Fazit: Mit Hausverstand sicher im Chemikalien-Dschungel
Chemikalien gehören zu unserem modernen Leben dazu – in Österreich wie überall sonst. Aber du hast es in der Hand, wie groß das Risiko ist. Wenn du dir nur drei Dinge aus diesem Artikel merkst, dann diese:
- Etiketten lesen – Gefahrenpiktogramme und Hinweise ernst nehmen.
- Kinder und Haustiere schützen – sichere Lagerung in Originalverpackungen.
- Weniger und bewusster einsetzen – gut lüften, nicht mischen, richtig entsorgen.

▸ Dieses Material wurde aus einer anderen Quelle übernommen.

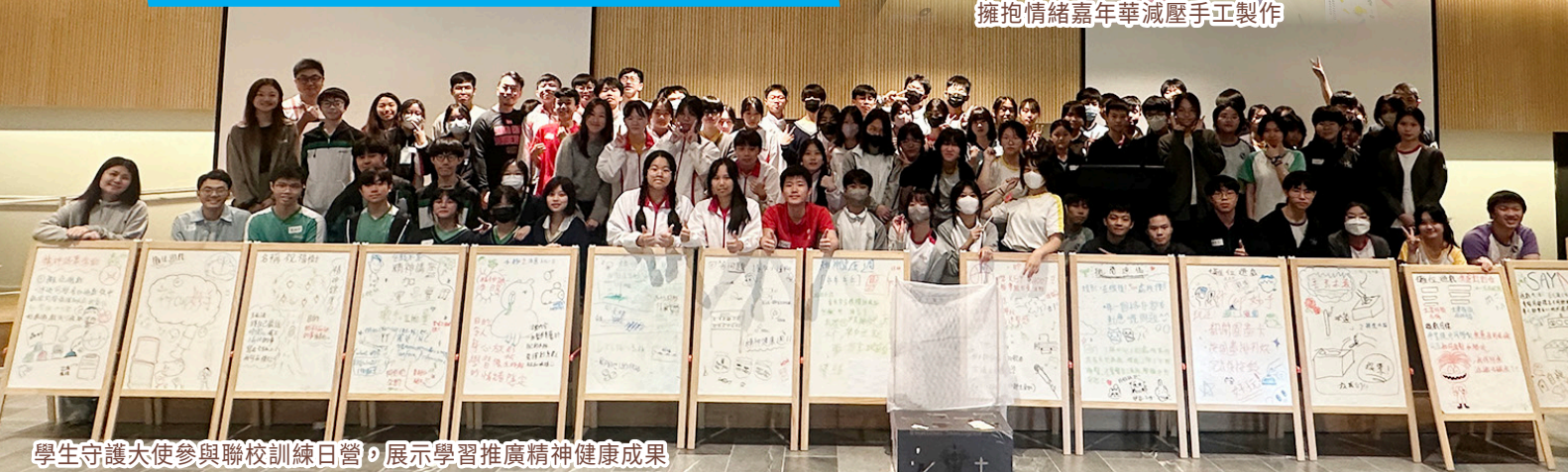
學生守護大使參與聯校訓練日營，展示學習推廣精神健康成果
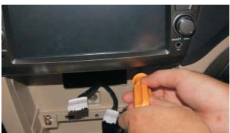
25 装上本公司DVD导航主机,并打上固定的4颗螺丝
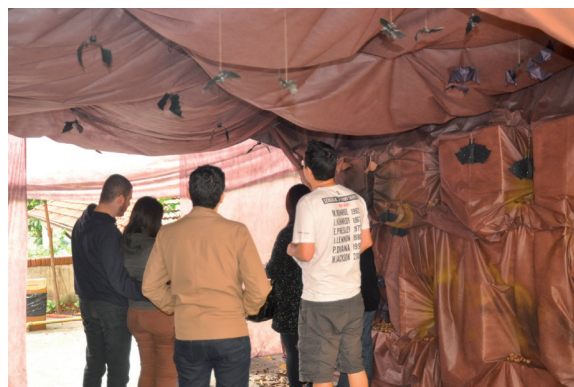
Figura 3. Caverna com morcegos

guiada na entrada principal do Instituto Pasteur, com um breve histórico sobre a instituição e sobre a raiva. Em seguida, o grupo era levado à apresentação de um teatro de fantoches, tendo como enfoque principal os reservatórios do vírus da raiva e as formas de prevenção da doença. O grupo foi então guiado à parte interna do Instituto, passando por uma caverna cenográfica com morcegos feitos de origami e de EVA e recebendo informações sobre diferentes espécies destes animais (Figura 3). Posteriormente, foi possível obter mais informações sobre os morcegos e observar espécimes reais destes, conservados de diferentes formas, taxidermizados e fixados, gentilmente disponibilizados pelo Centro de Controle de Zoonoses de São Paulo (CCZ-SP). As informações incluíram uma explanação sobre a importância desses animais na natureza e os cuidados no contato com eles para evitar a transmissão da raiva (Figura 4). Outra atividade foi a apresentação de dois vídeos, um sobre aspectos gerais da raiva e outro sobre as cinco chaves para a prevenção de mordidas de cães, cedido pela Organização Não Governamental (ONG) de Proteção Animal Mundial ( World Animal Protection - WAP), que colaborou com o evento. O material educativo produzido pela WAP está disponibilizado no site https://www.worldanimalprotection.org.br .
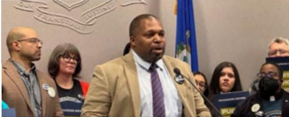
El senador Gary Winfield se dirige a la multitud con una historia conmovedora sobre la El impacto que la maestra tuvo en su hijo antes de su prematura muerte.

Obstáculos, presiones para la adopción de políticas que garanticen una compensación justa por trabajadores del servicio público y financiación adecuada para programas críticos. Con el apoyo de los jubilados y Aliados, el sindicato se compromete a luchando por un presupuesto que realmente sirve a la gente de Connecticut.
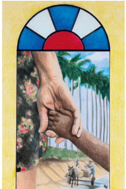
Grafik zum Weltgebetsstag
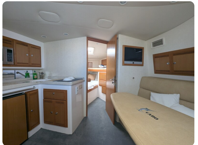
Cabo 38 Express interiors
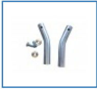
Adapter Set für PowerStroll
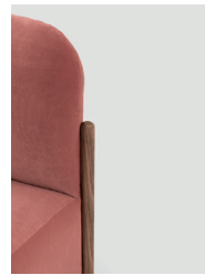
gamba base basic leg
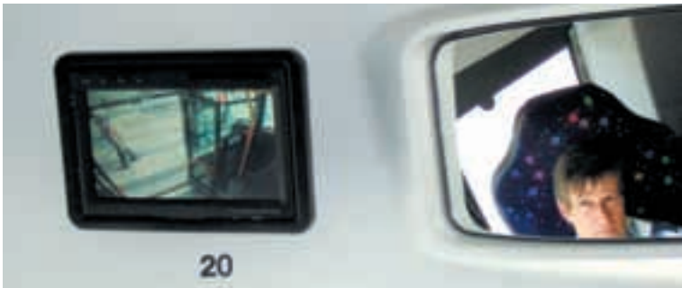
Oberhalb des Fahrplatzes befindet sich ein für den Fahrgast klar sichtbarer Überwachungsmonitor.

In den Fahrzeugen mit Videokameras wurden praktisch keine Vorkommnisse mehr verzeichnet. Die ZVB prüft deshalb die Möglichkeit, 2008 noch weitere Fahrzeuge mit diesem Überwachungssystem auszurüsten.
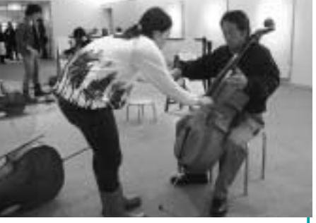
チェロに触れる演奏体験コーナーも ふれあい財団(621・3005、FAX621・3011)までお問い合わせください。

市民の皆さんに身近な所で気軽に音楽に親しんでいただくこと、12月6・7日に、いちょうホールで「八王子音楽祭」を開催します。日程は下表のとおり。チケットの発売日は9月6日です。購入方法・費用など、詳しくは学園都市文化
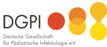
Deutsche Gesellschaft für Pädiatrische Infektiologie e.V. (DGPI)
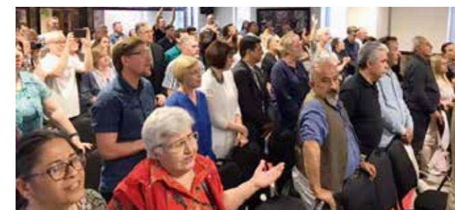
Det nye kirkebygget i Antalya var fullsatt under åpningen.

Det var tale av menighetens pastor, Ramazan. Han formidlet budskapet om Jesus som frelser, og han var tydelig på at Antalya Evangelical Church sin målsetting er å
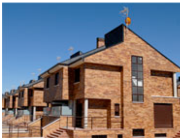
Viviendas Los Carrizos

El conjunto Ciudad Jardín, consta de 137 viviendas distribuidas en 21 portales, garajes y trasteros, constituidas por planta sótano, planta baja y tres alturas.
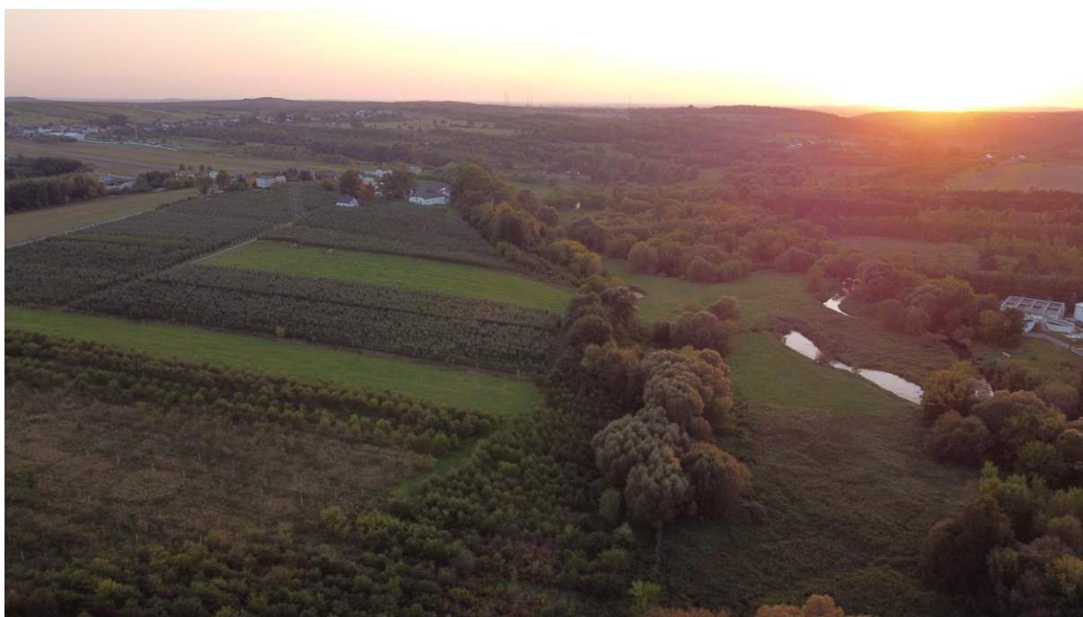
ZDJĘCIE NR 5

Dolina Warty na północ od miejscowości Siedlec (po lewej) - dobrze wyodrębniona poprzez ciąg zadrzewień łęgowych dolina Warty; w pobliżu geometryczne układy nasadzeń drzew, niewielkich sadów. Widoczne też efekty naturalnej sukcesji (fot. Jakub Botwina)
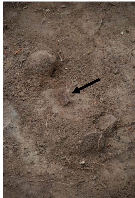
Kuva 20. Haudan 1/2010 keskivaiheilta esiin tullut pronssisolki (TYA 863:217) in situ . Kuvattu länteen.

Hautaustasossa haudan päädyissä havaittiin paikoillaan pystyssä kanta ylöspäin yhteensä kahdeksan (molemmissa päädyissä neljä kpl) kookasta rautanaulaa (:218-221 ja :225-228). Paikallaan pysyneiden naulojen perusteella oli mahdollista mitata arkun kooksi pituussuunnassa tasan 200 cm; arku kapeni toisesta päästään, sillä sen leveys päädyissä naulojen sijainnin perusteella oli noin 40 cm (lounaispääty) ja 34 cm (koillisipääty). Joidenkin naulojen varressa oli
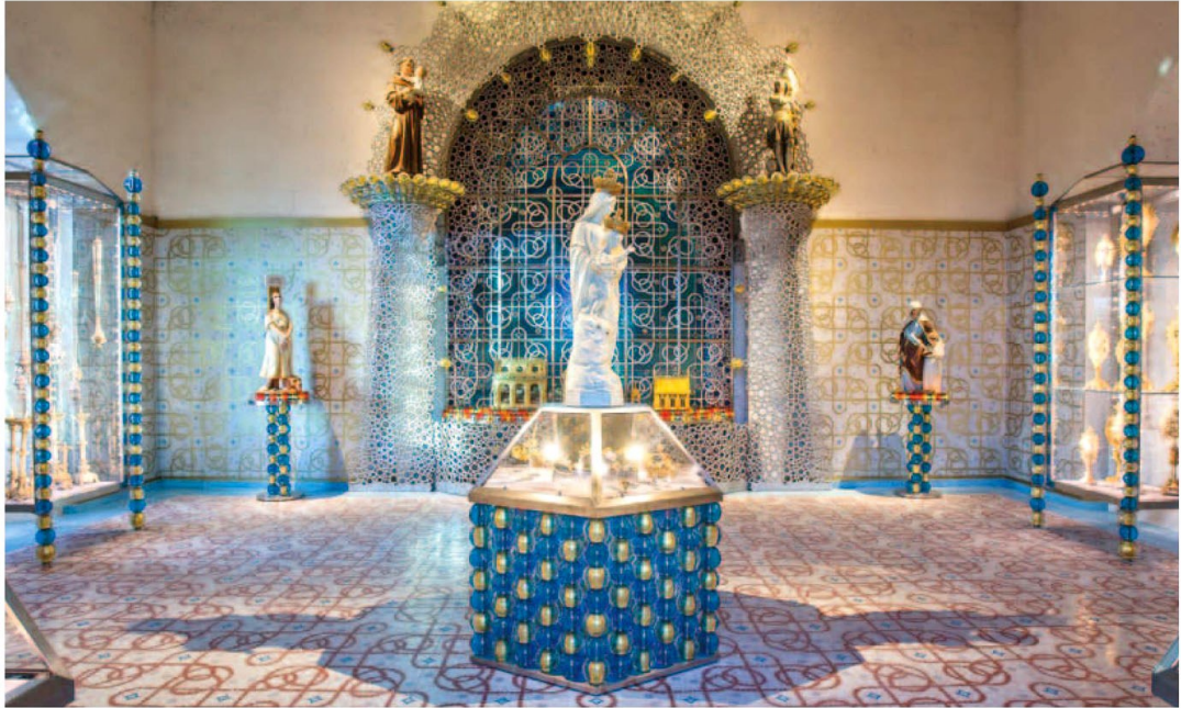
〈영광령의 보물〉전 전경 2016 세인트피에르성당 작가는 한국에서 순교한 프랑스 신부의 유물을 영구전시할 성물함 최대 테마스트리 스테인드글라스 벽지 바닥장식을 9년에 걸쳐 제작했다.

건설, 이민자유입이 가파르게 이뤄지며 변신을 거듭하고 있다. 현대미술공간 까레생트-안느(Carré Sainte-Anne) 역시 19세기 신고딕양식의 성당이었으나 현재는 공사를 거쳐 용도를 변경해 운영하고 있다. 여기서의 작가가 직접 모은 자신의 컬렉션전이 펼쳐진다. 이렇게 성격이 확연히 다른 두 전시를 하나로 묶는 제목은? 바로 '사랑에 빠진 기하학(Géométries Amoureuses)'. 그는 제목이 "관능과 규율, 상처와 아름다움과 같은 양가성에 무게를 두고 작업해온 나의 예술세계를 잘 드러낸다"고 설명한다.
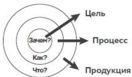
Рис. 1. «Золотой круг»

Саймон Синек с помощью простой модели объясняет, как успех компании и отдельных людей связан с вопросами «Что?», «Как?» и «Зачем?». Выдающиеся руководители или компании, размышляя, действуя и устанавливая коммуникацию, начинают с вопроса «Зачем?». Мантра Синека: «Люди не покупают то, что вы производите, они покупают то, зачем вы это делаете» (рис. 1).
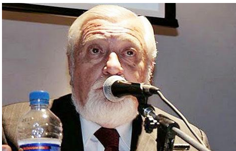
Eduardo Luis Duhalde, secretario de Derechos Humanos de Nación

La XII Reunión del encuentro se realiza este jueves y viernes en la Casa de las Culturas. La apertura estará a cargo del gobernador, Jorge Capitanich, y contará con la presencia del secretario de Derechos Humanos de Nación, Eduardo Luis Duhalde.
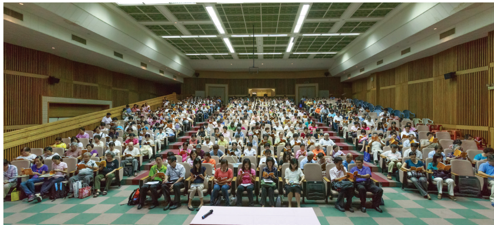
Pháp hội chia sẻ kinh nghiệm của các học viên Pháp Luân Đại Pháp tại Trường Trung học Tiểu Cảng vào ngày 18 tháng 08 năm 2013
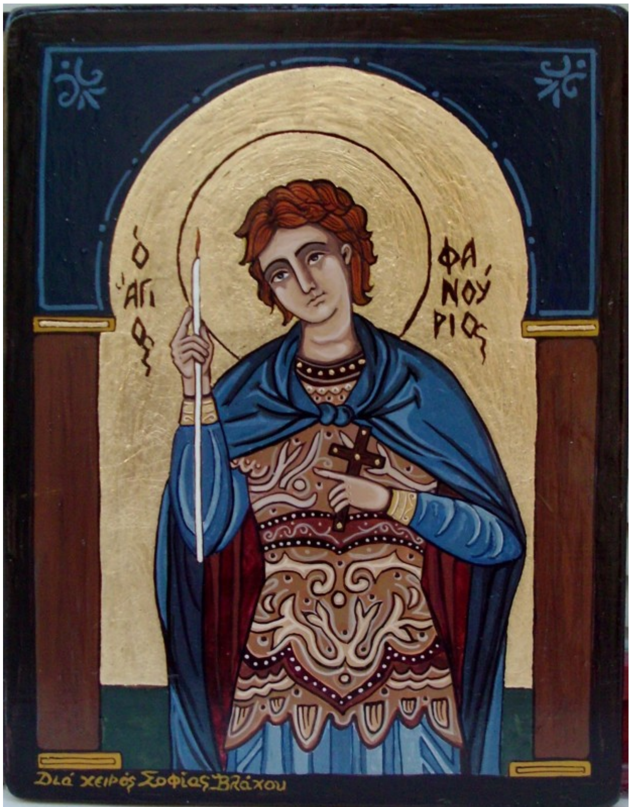
Άγιος Φανούριος ο Νεοφανής, ο Μεγαλομάρτυρας - Σοφία Βλάχου© (taergamou.blogspot.com)

Mit ein bisschen Aufmerksamkeit, einem Blick auf die Symbole und einem Schuss Hausverstand wird aus der „bösen Chemikalie“ ein Werkzeug, das du kontrolliert und sicher nutzt – statt von ihr überrascht zu werden.
Wenn du unsicher bist, lohnt sich immer ein Blick auf offizielle österreichische Informationsseiten wie gesundheit.gv.at, oesterreich.gv.at oder das Umweltbundesamt. Dort findest du laufend aktualisierte Infos zum Thema Chemikalien, Vergiftungen und sicherer Umgang im Alltag.